The remaining structures in the constant_pool table of the binary representation of a class or interface - the CONSTANT_NameAndType_info and CONSTANT_Utf8_info structures (§4.4.6, §4.4.7) - are only used indirectly when deriving symbolic references to classes, interfaces, methods, fields, method types, and method handles, and when deriving string literals and call site specifiers.

5.2. Java Virtual Machine Startup

The Java Virtual Machine starts up by creating an initial class, which is specified in an implementation-dependent manner, using the bootstrap class loader (§5.3.1). The Java Virtual Machine then links the initial class, initializes it, and invokes the public class method void main(String[]). The invocation of this method drives all further execution. Execution of the Java Virtual Machine instructions constituting the main method may cause linking (and consequently creation) of additional classes and interfaces, as well as invocation of additional methods.

In an implementation of the Java Virtual Machine, the initial class could be provided as a command line argument.
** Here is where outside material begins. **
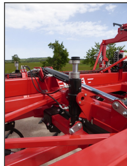
Cilindro con tope para la nivelación de la grada rápida y el chisel.
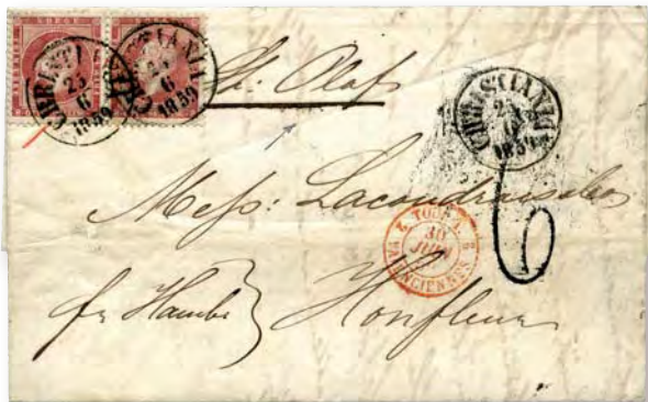
Anteckningen "St. Olaf" kostade 9 400 kronor hos Skanfil.

Alternatively, the implementation could provide an initial class that sets up a class loader which in turn loads an application. Other choices of the initial class are possible so long as they are consistent with the specification given in the previous paragraph.

5.3. Creation and Loading

Creation of a class or interface C denoted by the name N consists of the construction in the method area of the Java Virtual Machine (§2.5.4) of an implementation-specific internal representation of C. Class or interface creation is triggered by another class or interface D, which references C through its run-time constant pool. Class or interface creation may also be triggered by D invoking methods in certain Java SE platform class libraries (§2.12) such as reflection.

If C is not an array class, it is created by loading a binary representation of C (§4 (The class File Format)) using a class loader. Array classes do not have an external binary representation; they are created by the Java Virtual Machine rather than by a class loader.

There are two kinds of class loaders: the bootstrap class loader supplied by the Java Virtual Machine, and user-defined class loaders. Every user-defined class loader is an instance of a subclass of the abstract class ClassLoader. Applications employ user-defined class loaders in order to extend the manner in which the Java Virtual Machine dynamically loads and thereby creates classes. User-defined class loaders can be used to create classes that originate from user-defined sources. For example, a class could be downloaded across a network, generated on the fly, or extracted from an encrypted file.

A class loader L may create C by defining it directly or by delegating to another class loader. If L creates C directly, we say that L defines C or, equivalently, that L is the defining loader of C.

When one class loader delegates to another class loader, the loader that initiates the loading is not necessarily the same loader that completes the loading and defines the class. If L creates C, either by defining it directly or by delegation, we say that L initiates loading of C or, equivalently, that L is an initiating loader of C.

At run time, a class or interface is determined not by its name alone, but by a pair: its binary name (§4.2.1) and its defining class loader. Each such class or interface belongs to a single run-time package. The run-time package of a class or interface is determined by the package name and defining class loader of the class or interface.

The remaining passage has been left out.